A tree of green sapote
Synonyms: Achradelpha viridis,Calocarpum viride
Other names: Red faisan
Green sapote is a native of Central America, most probably to Honduras, Guatemala and Costa Rica at elevations between 3,000 and 7,000 ft (900-2,100 in). It is a close relative of mamey sapote which is relatively more popularly grown fruit. The green sapote is, however slightly smaller in size, with green-yellow or brownish skin and an orange-red pulp much like its cousin. Strangely, this fruit is not known much outside of Central America, although many experts rate it superior in flavor to the mamey sapote.
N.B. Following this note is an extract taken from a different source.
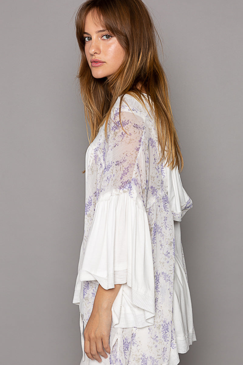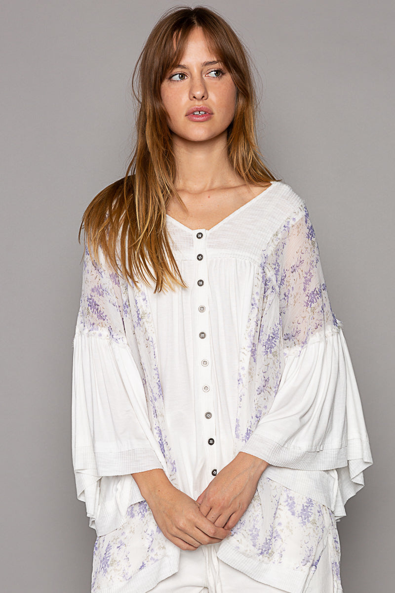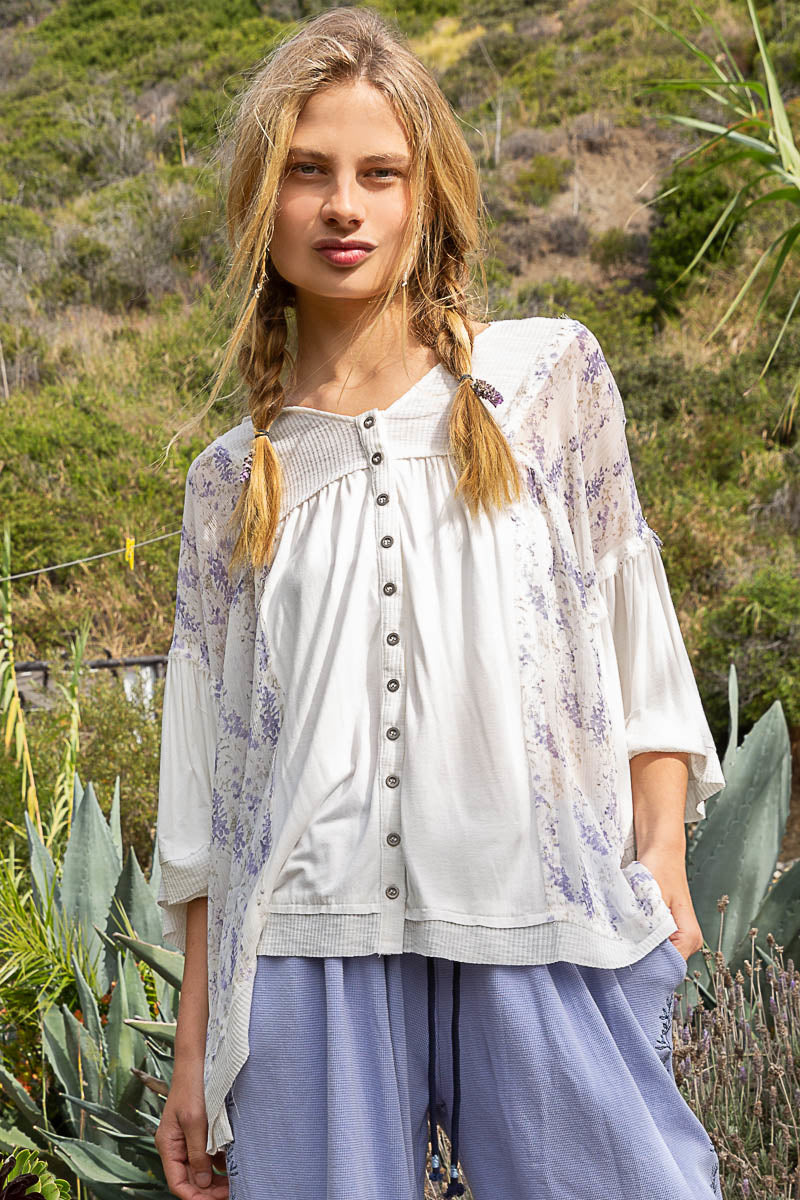 Enchanted Lilacs Button Down Jersey Knit Hoodie Top
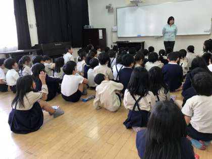 今日は顔合わせも兼ねて、班ごとに自己紹介をしました。4年生の班長、副班長さんがしっかりリードして、うまく活動ができました。来週の本番も仲良くできるといいですね。

The fruits are commonly sold in local markets.
A medium to large-sized tree, 13 to 25 m tall. .
A medium to large erect tree, 12-24 m high; young branches densely brown-hairy. It possesses an abundance of white, gummy latex.
Leaves clustered at the tips of flowering branches and irregularly alternate along non-fruiting limbs; oblanceolate, pointed, 10-25 cm long, 5-7 cm wide; hairy on the upper midrib and downy-white beneath.
Flowers, borne in groups of 2 to 5 in the leaf axils and massed along leafless branches, tubular, 5-lobed, pinkish or ivory and silky-hairy
Fruit nearly round to ovoid, pointed at the apex and sometimes at the base; 9-12.5 cm long and 6.25-7.5 cm in diameter, with thin, olive-green or yellow-green skin dotted with red-brown and clinging tightly to the flesh; flesh light-russet, of fine texture, melting, fairly juicy and sweet; of better flavor than the sapote.
Green sapote fruits
Seeds 1 or 2, dark-brown, shiny, elliptic or ovate seeds to 5 cm long, with a large, dull, grayish hilum on one surface
The fruits are usually eaten fresh out of hand, but the pulp is also used in making desserts and preserves. The pulp is softer than the mamey sapote.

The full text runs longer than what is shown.